All this, too, spite of a bitter experience they had so recently suffered in their unlawful efforts to force their accursed institution into free Kansas. John Brown had given the friends of slavery a taste of blood in Kansas that was reckoned up against him on that fatal December day at Charlestown. His career during those Kansas days, when hundreds of freedom-loving men struggled against thousands of oppressors of the weak and wronged, was watched in Iowa as from no other state. He had many friends and sympathizers here. Iowa afforded him his first real refuge place after contest. On Iowa soil were inspired and planned his most daring schemes. It was across her prairies and past her loyal towns he wandered by night and by day, carrying with him liberty for the oppressed. There he rested from struggle, and here he trained and armed the little band of followers who were to share perils and death with him in a cause deemed sacred as the Wars for the Sepulcher. Those were the days of the "under-ground railroad" in Iowa by which fugitives from slavery were helped to the land toward the North Star. The posts of this path to freedom were, to the escaping negro, "as a cloud by day, and as a pillar of fire by night," and every one of them was as familiar to John Brown as his own fireside. He was so often and so closely connected with the state that people almost forgot that he was not an Iowa man. He loved Iowa, and he believed that the sin attempted on Kansas, if successful, would inevitably be visited on Iowa as well. He went farther, and with Lincoln asserted that the country could not much longer exist if slavery were not destroyed.

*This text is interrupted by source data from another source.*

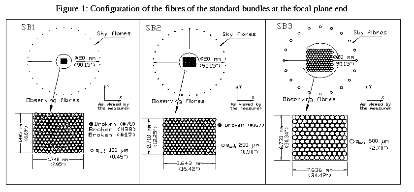 At the focal plane the fibres are arranged in two groups, one forming a rectangle, and the other a ring which is intended for collecting background light (for small-sized objects). Table 1 and Figure 1 show the main characteristics of each bundle.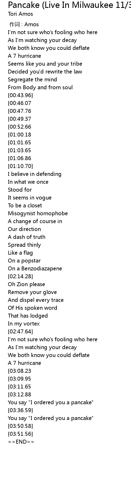 | Song | Pancake (Live In Milwaukee 11/3/07) |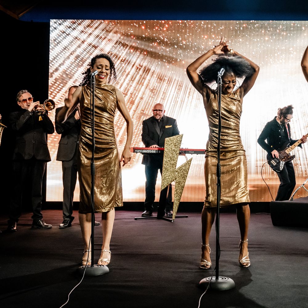 The Goldiggers are the UK & Europe’s ultimate party band! We present a world class show with hit after hit from the 1960's right up to the present day. Featuring a razor sharp band and flawless dynamic vocals, we are the band to make your party really fly! We are a collective of superb, internationally renowned session musicians who have toured globally. Gracing stages from festivals to sold-out arenas, and playing with an illuminati of artists such as Goldfrapp, Celine Dion, Kylie Minogue, Avril Lavigne, Nick Cave, Siouxsie Sioux, Kasabian, Robert Plant and Tears for Fears. We have passion, chemistry, musical precision & showmanship that we guarantee will ignite every celebration! The Goldiggers are available as a 4-piece band up to a 10-piece ensemble, featuring 3 female vocalists, drums, bass, guitar, keyboards, and saxophone, with additional horn and percussion options. We can also put together a bespoke top quality lineup of bands & DJs to suit your requirements. We can make the show as lavish and extravagant as you wish - the only limit is your imagination!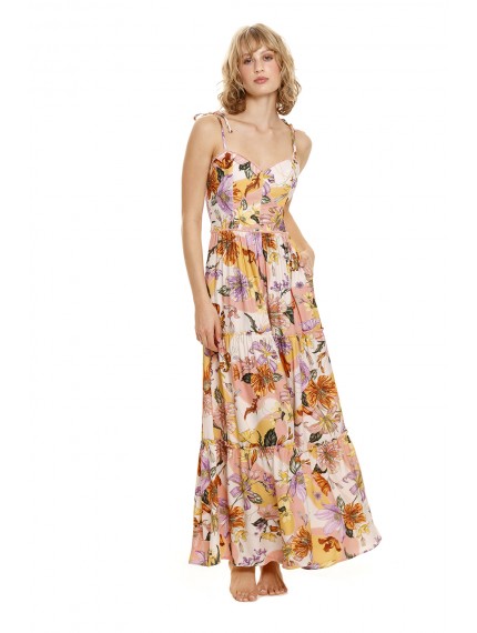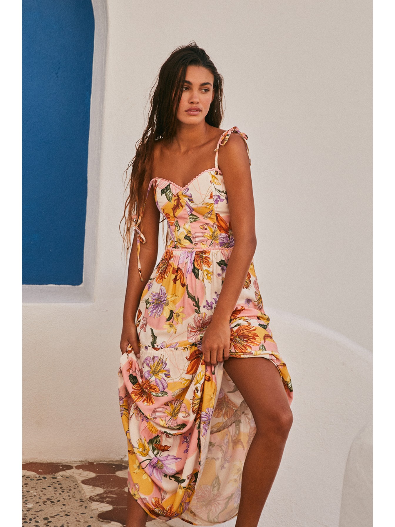 Длинное платье Suzie с контрастным цветочным принтом на тонких бретелях с завязками. Идеальный образ для пляжа и улицы.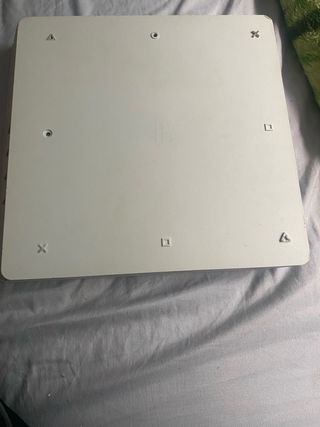 Consola PlayStation 4 en color blanco. - Diseño elegante. - Símbolos de PlayStation grabados en la carcasa.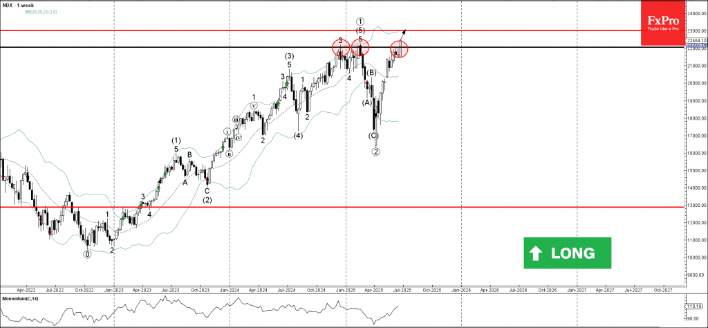 Nasdaq-100 index recently broke above the major resistance level 22100.00 (which has been steadily reversing the index from the end of 2024 as can be seen from the weekly NDX chart below).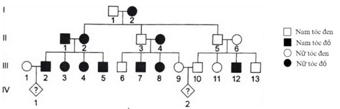 III. Xác xuất để IV.2 có màu tóc đỏ là 1/6.
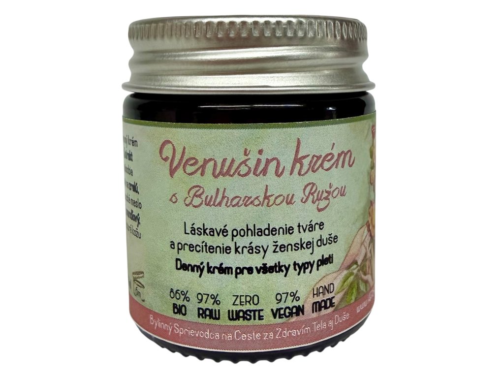 Základom krému je vzácny esenciálny olej absolut a ručne vyrobený extrakt z lupeňov Ruže Damašskej, ktorý už niekoľkými kvapkami dodá každej kozmetike punc bohyne lásky a krásy, tak ako Venuša, ktorá podľa antickej mytológie bola stvorená spolu s posvätným kvetom ruže. Preto aj tento krém nesie názov po Venuši, aby spojením účinkov rastlín a symbolov povzbudil našu sebelásku a sabahodnotu a pomohol nám nájsť rovnováhu krásy duše a tela. Pohladenie od Venuše pocítite už po prvom použití tak, ako dosvedčujú komentáre žien, ktoré krém vyskúšali.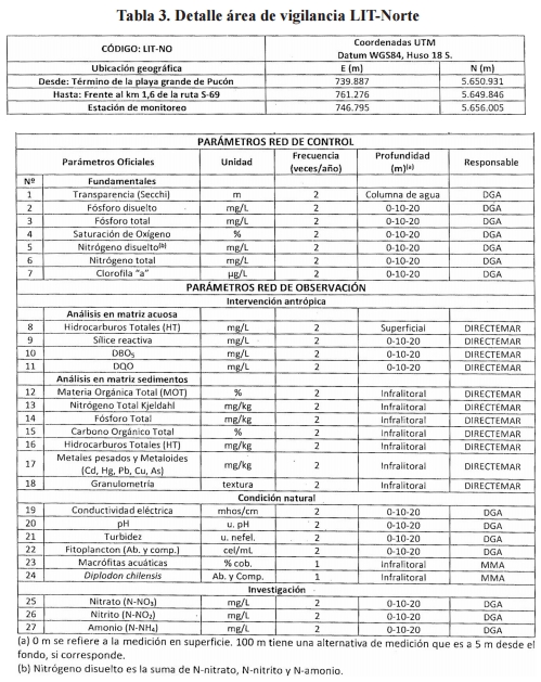 Adicionalmente, se establecen tres áreas de vigilancia complementarias para estos efectos, las cuales integran la red de observación. Sin perjuicio de lo anterior, en este programa se considera el monitoreo de otros parámetros de interés en las áreas de vigilancia que integran la red de control.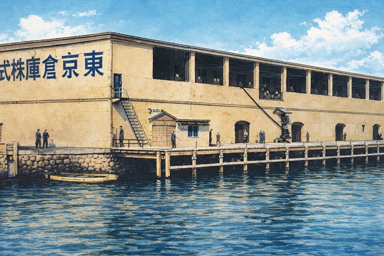 わが国初の多階建てRC造建築の和田ターミナル東京倉庫G号(モノクロ資料から描き起こしているため、カラーは想像です)

When Kansas was thrown open to settlement, the pro-slavery men of the South determined that it should be given over to slavery. The freedom loving people of the North opposed them, and then commenced a mighty war of words outside of Kansas, and of villainous deeds within. Missourians by the thousands invaded the state, mastered the ballot-box, drove off the officials, assumed the government, burned destroyed and murdered and all in the name of a slavery detested outside the South, the world over. John Brown, the gray-haired shepherd of North Elba in New York, recognized in the Kansas struggle that here was to be the first battle ground in defense of human rights, as opposed to outrage and treason. His own sons, free emigrants to Kansas, were crying to him for help to protect their firesides and their lives. The fearless man, strong in refuge of the Lord, buckled on his armor, went to Kansas, and alone, struck blows that made victory possible in the bloody years to come. Few realized that the war for the destruction of liberty on this continent had already begun. Absolute war could not have made the people of Missouri, Arkansas, and other parts of the South, greater violators of law, and right, and justice, than they became when they marched with fire and sword into liberty-loving Kansas.
Fortunately for this country, the people of Kansas were not cowards. Had they been, they would have been overcome. Human slavery would, like a ghost, have stalked into all the territories. The slave power would have had its way. The War of the Rebellion would not have been heard of, and the great crime that disgraced the Nation in the eyes of the world would have been perpetuated for forever. The Lord willed that it should not be so, and the instrument he chose for his purpose, like Saul Of Old, was found tending the flocks of the field. In all his encounters with the slave-power, and with the southern invaders of Kansas, John Brown was a hero, and his heroism saved the state to freedom, let that be written on his monument. Had he failed, Kansas, Iowa, Illinois, and the whole Northwest might have been given over to the barbarism of slavery. That would have been the logical and intended sequence of the Dred Scott decision. John Brown's heroism in Kansas made that outrageous verdict of no avail. No wonder that the people of Iowa honored his name, for his success was partly by their help and sympathy, and his victory conferred blessings on their children.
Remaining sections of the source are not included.